Patients with pre-existing medical comorbidities and those with diminished limb viability were more likely to suffer adverse outcomes. Adverse event rates remain high for patients affected by acute limb ischemia despite its declining incidence.

摘要

背景

急性肢体缺血是一种与高截肢率和死亡率相关的血管急症。随着腔内技术的应用增加,仍然需要评估不良结局的发生率和预测因素。

目的

本研究旨在通过国家心血管数据注册外周血管介入登记处(2014 年至 2020 年)评估急性肢体缺血腔内治疗后当代结局和不良事件的预测因素。

方法

纳入在研究期间因急性肢体缺血指征接受外周血管介入治疗的患者。主要结局是住院期间全因死亡率和主要截肢的复合结局。采用多变量逻辑回归确定复合结局的预测因素。

结果

研究期间共进行了 3541 例腔内手术。其中,132 例(3.7%)死亡,77 例(2.2%)住院期间截肢。溶栓导管使用率为 27.7%(n=981),血栓切除术导管使用率为 3.9%(n=138)。

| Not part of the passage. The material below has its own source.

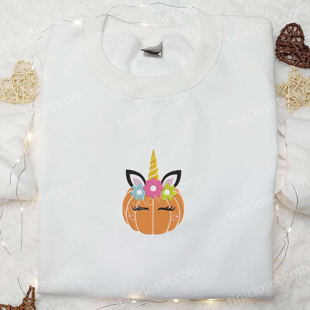 Pumpkin Unicorn Embroidered T-shirt, Halloween Embroidered Shirt, Best Halloween Gift Ideas
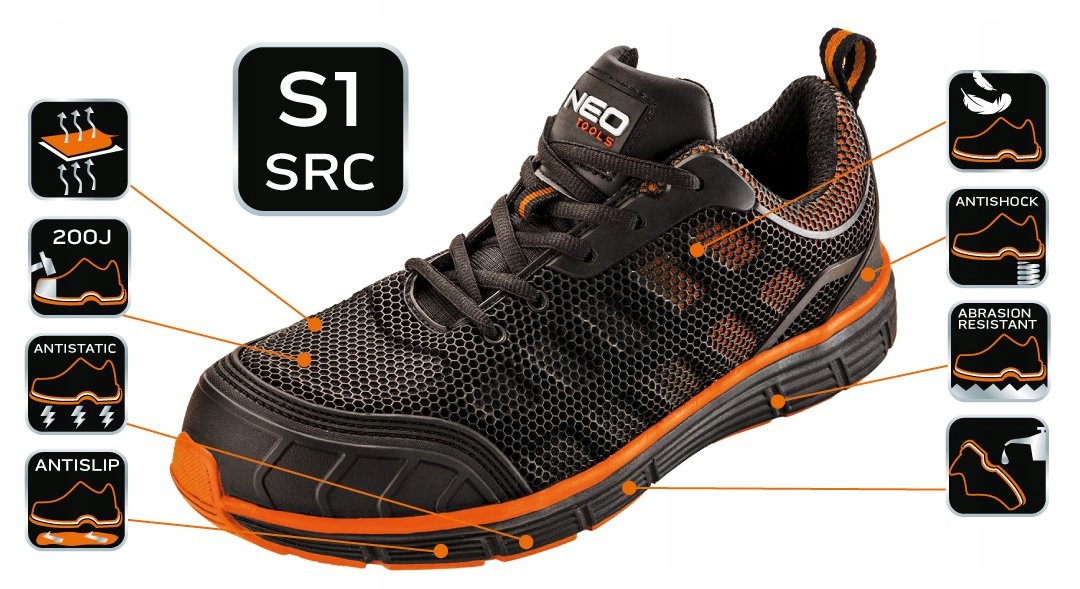 • NEO BUTY ROBOCZE OCHRONNE ODDYCHAJĄCE S1 STALOWY PODNOSEK 200J 82-097 r. 46

死亡或截肢的独立预测因素包括严重肺部疾病(OR:1.72;95%CI:1.17-2.52)、Rutherford Ⅱb 级(OR:2.44;95%CI:1.62-3.65)和终末期肾病(OR:3.94;95%CI:0.73-0.85)以及术前血红蛋白(OR:0.78;95%CI:0.73-0.85)。并发症包括介入后 72 小时内出血(6.7%)和血栓形成(2.8%)。

结论

有预先存在的医疗合并症的患者和肢体存活能力降低的患者更有可能出现不良结局。尽管急性肢体缺血的发病率在下降,但患者的不良事件发生率仍然很高。